Although spamming isn’t costing the resource for now (is it? I don’t know?), it could ruin the experience for legit users. These spam accounts are filled with ads for call girls, shops selling services (cake, laundry, thrift-store, clinics, duplicated users, you get it), betting sites and worst of all, stolen bank data. It feels so horrible when you’re trying to look for users to follow (who have similar interests like yours), and you see stuff like these.

Here’s a few example:

https://codeberg.org/roofingrecoveryflorida1

https://codeberg.org/acnetreatment14

https://codeberg.org/tanuoberoy55

At the time of my writing, there are about 94,520 (4726 pages * 20 per page) accounts. On average, of the total 20 accounts, I’ve found out about six to eight spam accounts per page, but they’re not consistent - meaning that you’ll find these patterns after every four to five pages.

To understand how bad this situation is, if you sort users by newest, pages 1 (Feb 19, 2024) to 4300 (March 24, 2021) have some sort of spam account, meaning. I did not check after 4300, but there could be some spam accounts after that. Yes, I did not check all the pages, because it is impossible to read them all. I kept jumping pages in the multiple of 100s to see if the closest pages +/-10 have spams. I’m suspecting that almost one-third of the accounts are just made by bots, which lie dormant.

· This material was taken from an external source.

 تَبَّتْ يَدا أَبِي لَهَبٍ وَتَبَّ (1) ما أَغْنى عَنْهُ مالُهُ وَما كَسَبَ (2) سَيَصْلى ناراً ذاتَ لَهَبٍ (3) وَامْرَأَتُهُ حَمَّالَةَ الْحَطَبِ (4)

I am not an expert on dealing with spam, but here’s a few ideas I have in mind. Spam accounts have the pattern <company_name><number>`. But that’s just not the best way to block users, as usernames have numbers. However, what they also seem to be doing is that they want to advertise services - so they fill the user description with service description. Then there’s also images, and URL.

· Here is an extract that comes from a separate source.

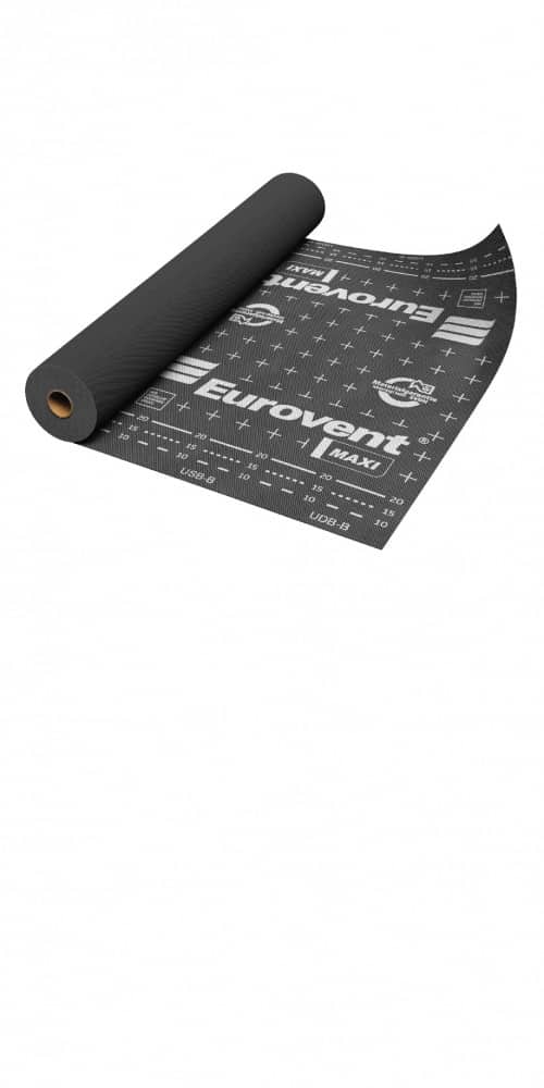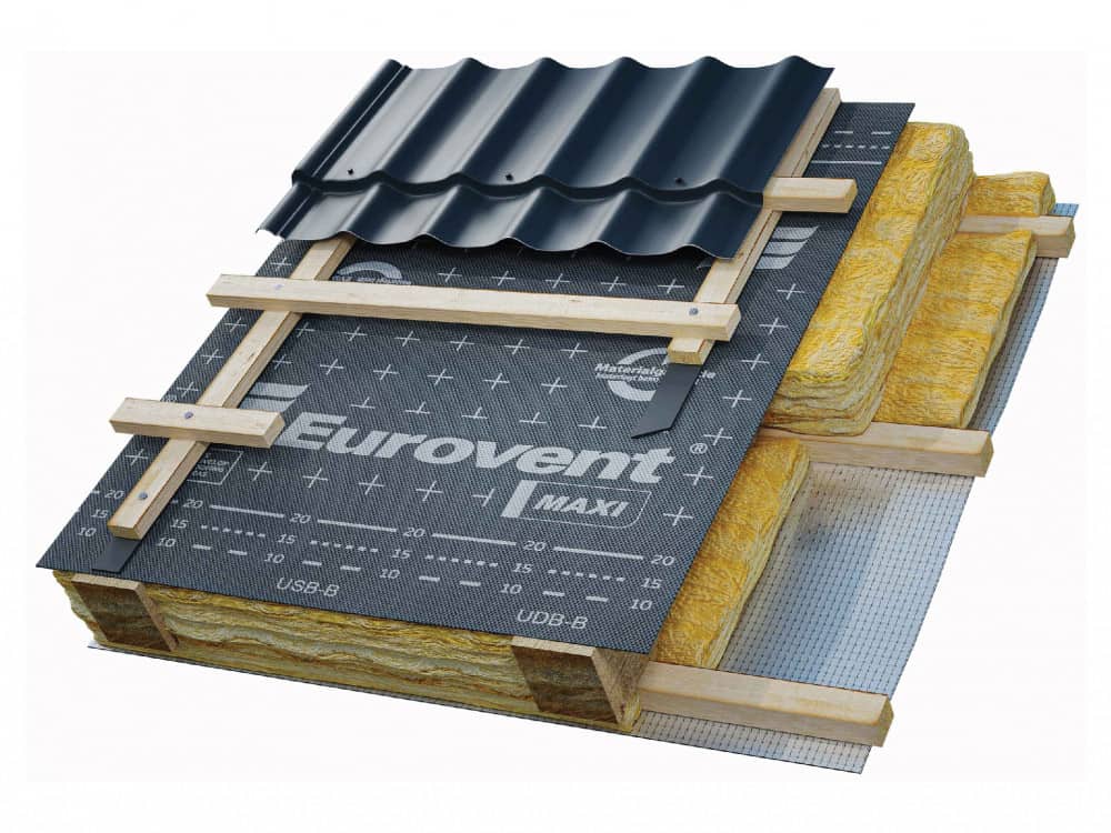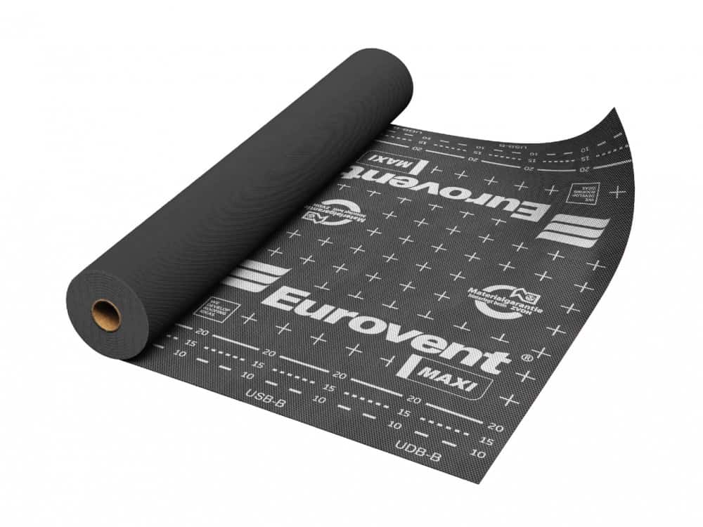 Покривната мембрана Eurovent® MAXI, трислойна, силно паропропусклива, използвана при скатни вентилирани покриви с финиш от бетонни, керамични или синтетични керемиди, покривни плочи, или шиндли. Използва се още и като противоветрена изолация при рамкова конструкция. За правилна вентилация на метален покрив тук.

When it comes to escort girl spam account, their websites have the same URL as their name - most of which are from India, pointing to Gurgaon/Gurugram. For example, this account Sonia Mittal - she is apparently “Indian”, but has a stolen profile picture of some random white girl in a choker, and the website is mentioned as soniamittal.in (spoiler: the model is Angelina Danilova, apparently she’s some Russian celebrity). So, in this case, what they do is identity theft. And I’m pretty sure there’s some API available for this?

I think that there’s enough data to prove if a given account is spam, right? A majority of these accounts have no repository, btw. So, that could also be the criteria to get rid of spam accounts? A few may have them, but it will be filled with stolen data. Because there’s a word limit on profile description, simple keyword extraction models which are performant can be used here, right?